Rigidity setting of Panasonic servo drives is a crucial aspect of their performance tuning. The purpose of rigidity setting is to ensure that the servo motor provides sufficient torque during operation, guaranteeing system stability and accuracy. This article will detail the principles, methods, and steps involved in rigidity setting of Panasonic servo drives.
I. The principle of rigid setting
Definition of rigidity
Rigidity refers to a system's ability to resist deformation when subjected to external forces. In servo systems, rigidity is mainly reflected in the motor's torque output and the system's stability.
The importance of rigid settings
The rigidity setting is crucial for the performance of a servo system. If the rigidity setting is too low, the system may experience vibration and loss of synchronization during operation, affecting the system's stability and accuracy. If the rigidity setting is too high, the system may become too stiff, leading to motor overload or even damage to the equipment.
Relationship between stiffness and system parameters
Rigidity settings are closely related to several system parameters, such as the motor's rated torque, rated speed, and load inertia. When setting rigidity, these parameters must be considered comprehensively to ensure optimal system performance.
II. Rigid Setting Method
Calculation of stiffness coefficient
The stiffness coefficient is a key parameter for stiffness setting, and its calculation formula is as follows:
Stiffness coefficient = (Motor rated torque × Motor rated speed) / (2 × π × Load inertia × Load speed)
Rated torque and rated speed are the basic parameters of a motor, which can be obtained from the motor's datasheet. Load inertia and load speed, however, need to be measured or estimated based on the actual application scenario.
Steps for rigid setting
(1) Determine the basic parameters of the system, such as motor model, load type, and working conditions.
(2) Measure or estimate the load inertia and load speed.
(3) Calculate the appropriate stiffness coefficient according to the formula for calculating the stiffness coefficient.
(4) Perform rigid settings on the servo driver. The specific operation method varies depending on the driver model, but it can generally be done through the driver's settings interface or programming interface.
(5) Conduct system debugging, observe the system operation, and fine-tune the rigidity coefficient if necessary.
Precautions for rigid settings
(1) When performing rigid settings, ensure that the system is stationary to avoid interference during the movement process from affecting the setting results.
(2) The rigidity setting should be adjusted according to the actual application scenario. Different loads and working conditions may require different rigidity coefficients.
(3) During the setup process, attention should be paid to the operation of the system.
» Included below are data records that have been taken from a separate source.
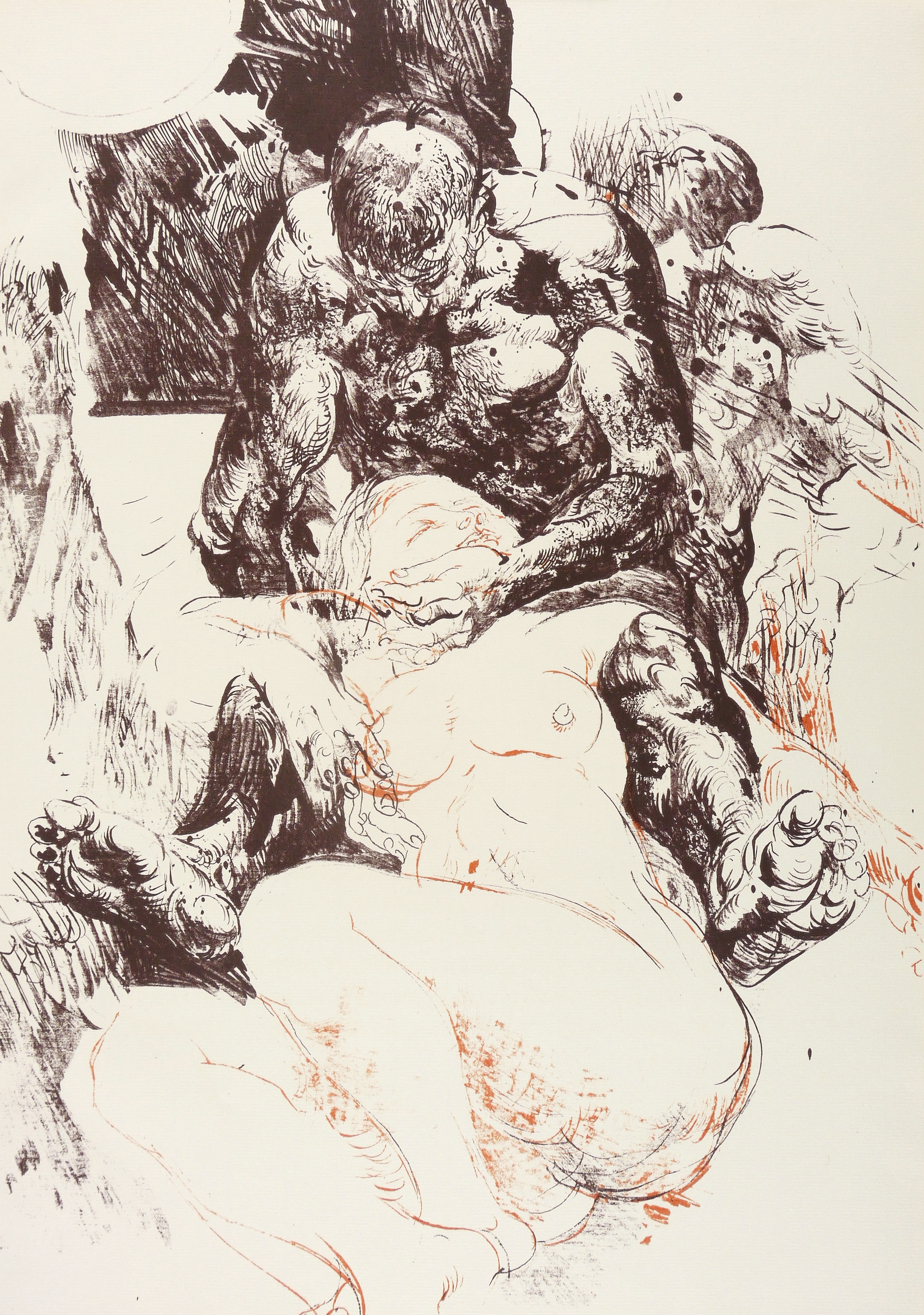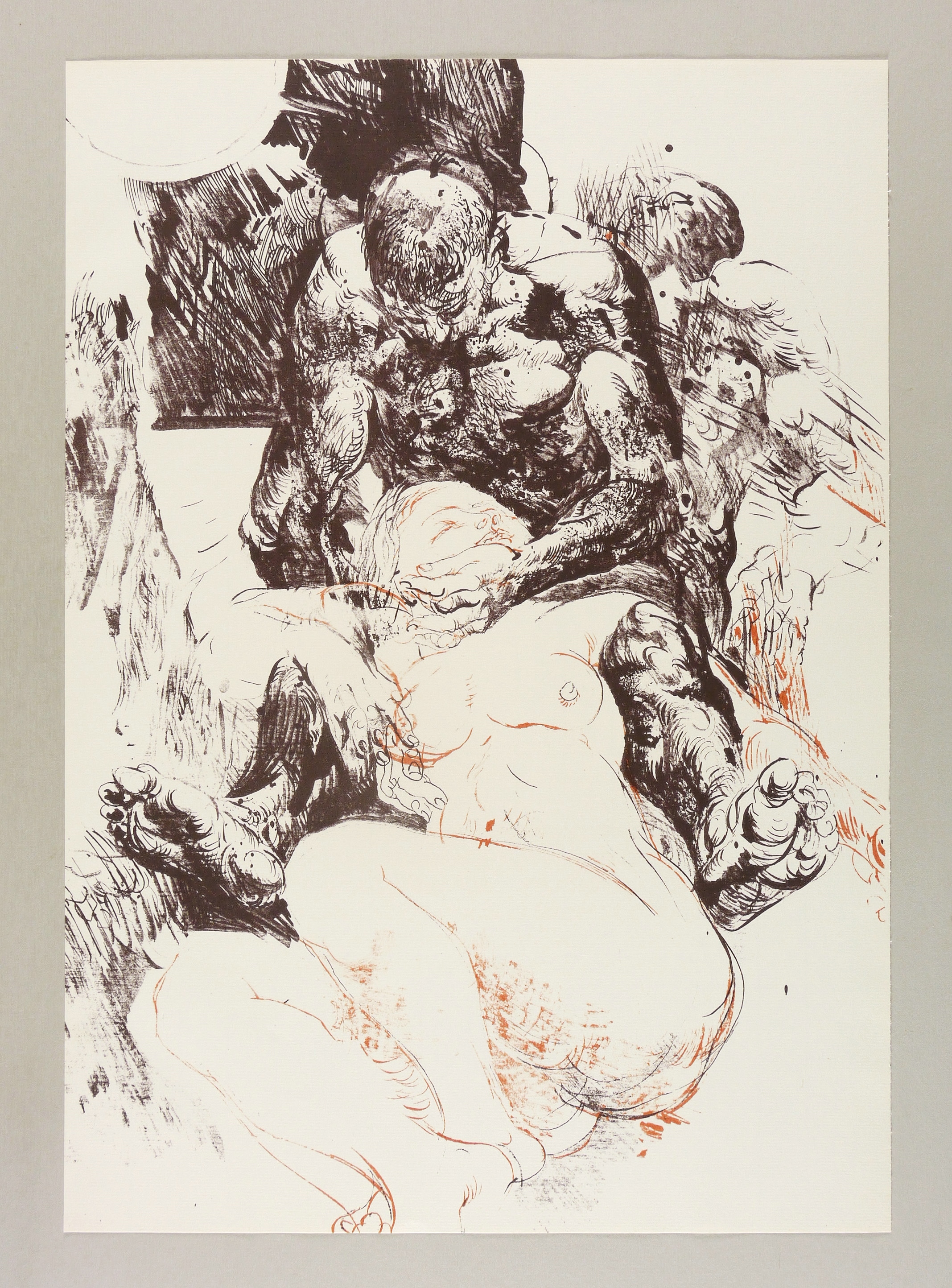 Aus: Willi Sitte, P. Ovidi Nasonis Ars amatoria. Die Liebeskunst (Berlin: Akademie-Verlag 1970). – Nicht näher bezeichnet. – Originaloffset zur Folge der Ars amatoria (Ovid). – Guter Zustand.
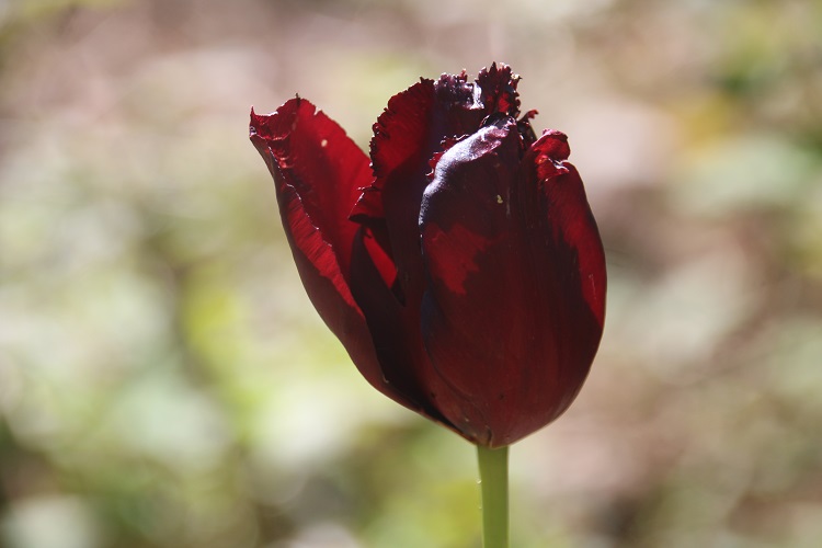 Stem green. Leaf green, ovoid, edge little and coarsely wavy. Flower length approximately 8.5 cm. Not very strongly fringed and especially fringed at top bl.bl."
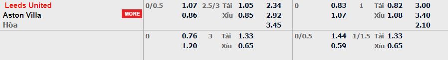 Leeds trong mùa giải trước vật lộn với vị trí trụ hạng đã thua Aston Villa ở cả 2 lượt trận, điều này có thể sẽ được cải thiện hơn một chút ở thời điểm này bởi phong độ của đôi bên vào lúc này là không có quá nhiều sự khác biệt. Với những lý do đó, kèo châu Á ghi nhận 2 đội ở mức đồng banh và không có tỷ lệ chấp và cũng có nơi cho rằng Leeds sẽ là cửa trên chấp 0.25 nhờ lợi thế sân nhà.
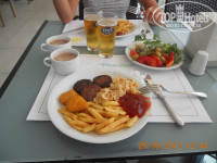 13. Основной ресторан достаточно большой, но в час пик найти отдельный столик проблематично. За несколько минут до начала обеда и ужина, как правило, начинала у входа собираться очередь. Если не спешить, то позже появляются и столы, и блюд меньше не становится. Шведский стол - все удобно, достаточно красиво, выбор весьма не плохой (даже для проблемных желудков). Мясо в основном птичье (индюки и куры) - гриль и жареное очень неплохое, тушеное на любителя (мое мнение). Между обедом и ужином дают гамбургеры (можно самому их составлять) и мороженое.
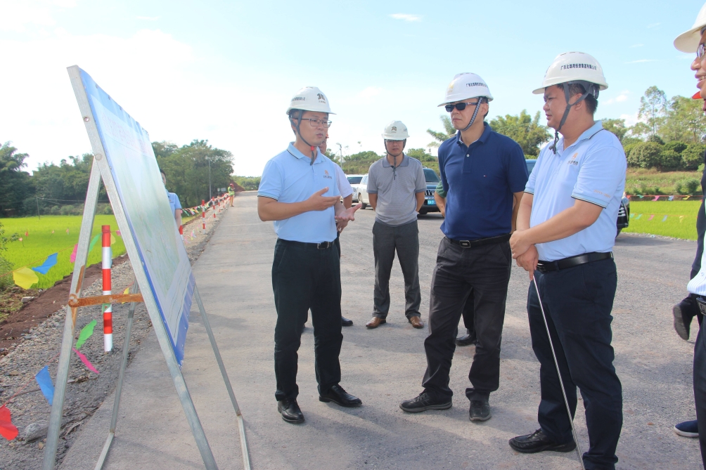北投公路集團累計承接自治區“四建一通”工程31個,現已完工10個,在建項目21個。位于桂東片區的桂興路全長約65.44公里,其中約40.28公里屬于“四建一通”路段。陸曉明一行深入桂興路現場,沿項目主線進行實地調研,重點了解項目建設基本情況、存在困難及需要協調解決問題,并就“四建一通”路段的建設及項目用地報批工作進行探討。期間,陸曉明關切詢問了項目的用地報批措施和工作進展,張云表示,北投公路集團已針對項目用地報批工作成立專班領導小組并制定工作清單,確保按時間節點完成用地報批手續辦理。
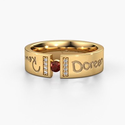 A unique wedding ring with garnet! What makes this ladies wedding ring WH2094L16C special, is that you can have it engraved with a special text, which has meaning to you. A word, a short phrase or part of the lyrics to a song. Whichever text is most meaningful to you. Memorialize it as an exquisite engravement on this modern wedding ring. This own Text ladies wedding ring has an ±0.24 in (6 mm) width. You can choose the combination of precious metals of your preference in our online tool. Anything goes! It is wise to browse through the characteristics of each different precious metal. For example, gold and silver are softer metals. Carat is determined by the amount of added extra metals. If the goldsmith doesn't add a lot, carat is higher and the wedding ring will be softer. If he adds more metals, the jewel has a lower amount of carat. A softer precious metal can still be used for your modern wedding ring! If you prefer a precious metal which will last a lifetime, we recommend platinum. This is the most solid and durable metal our goldsmith uses.This wedding ring can also serve as a source of inspiration. Would you like the ring to have a matte or shiny finish (at no additional cost), or would you prefer it to be wider or narrower? Anything is possible. Because there are countless variations, we can’t show everything on our website. Do you have an idea for beautiful wedding rings, or have you seen a stunning set of wedding rings elsewhere? Feel free to contact us; our designers are ready to assist you.By combining our modern techniques with ancient crafting, we can design and customize the finest quality jewels with the utmost care for you at the best price. Our wedding rings are always priced 30% lower than those of other jewelers. We make wedding rings to order so we don't have to maintain a large stock.To make it easier for you, we offer a 30 day return policy. Check our terms and conditions.
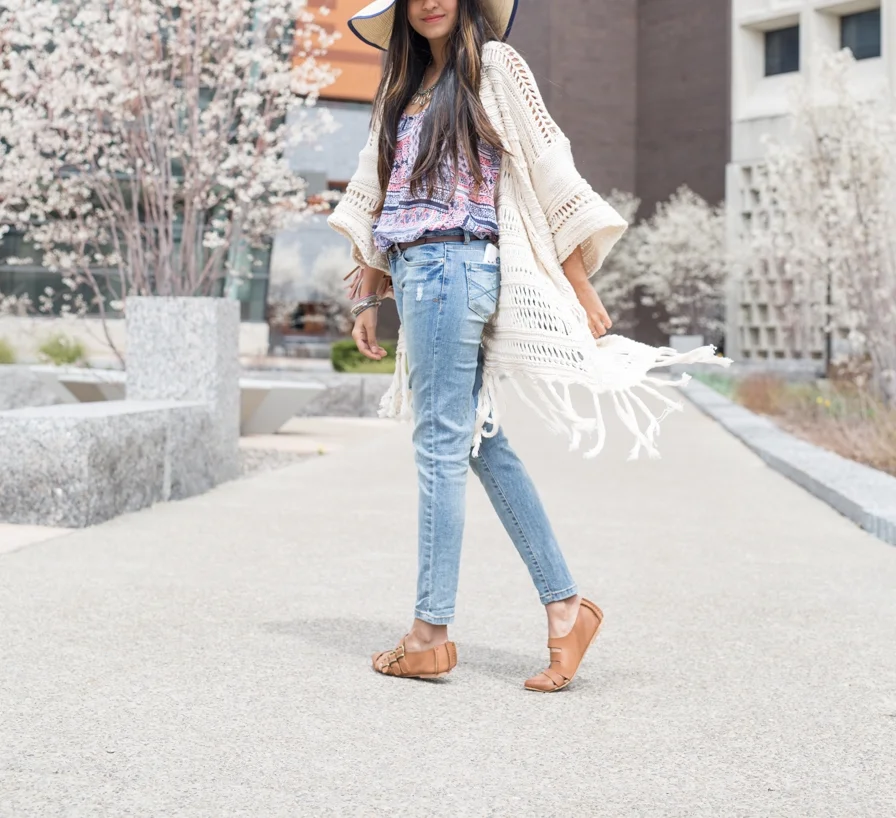 While you take a second to pat me on the back for my dedication to blogging during such a time of crisis ;), also take a second (or 60!) to appreciate my newest favorite piece of outerwear- this perfect boho chic crochet duster cardigan, which had me at hello with its bell sleeves and tassel trim. Being confined to the city most of the time, I threw it on over a casual printed tank + distressed denim combo, but I can't wait for a beach day when it'll also make the perfect coverup! Also on my current crush list- these strappy super comfy flats made of the softest leather that I've been wearing to work and play for several weeks now. #shoegamestrong

If any abnormality is found, the rigidity coefficient should be adjusted or other system parameters should be checked in a timely manner.
III. Common Problems and Solutions
System vibration
Cause of the problem: The rigidity setting is too low, and the system cannot resist external interference, resulting in vibration.
Solution: Appropriately increase the stiffness coefficient to improve system stability.
System out of sync
Cause of the problem: The rigidity setting is too high, making the system too rigid, which leads to motor overload or loss of synchronization.
Solution: Appropriately reduce the stiffness coefficient to lessen the load on the motor and prevent step loss.
System accuracy decreased
Cause of the problem: Inappropriate rigidity settings lead to system instability and affect accuracy.
Solution: Recalculate the stiffness coefficient and adjust it according to the actual application scenario.
Motor overload
Cause of the problem: The rigidity setting is too high, causing the motor to bear excessive torque, resulting in overload.
Solution: Reduce the stiffness coefficient to lessen the burden on the motor and avoid overload.
IV. Summary
The rigidity setting of Panasonic servo drives is crucial to system performance. When setting the rigidity, a comprehensive consideration of the system's basic parameters and the actual application scenario is necessary to select an appropriate rigidity coefficient. Simultaneously, the system's operation should be closely monitored; if any abnormalities are detected, the rigidity coefficient should be adjusted promptly, or other system parameters should be checked. Proper rigidity settings ensure good stability and accuracy of the servo system, improving production efficiency and product quality.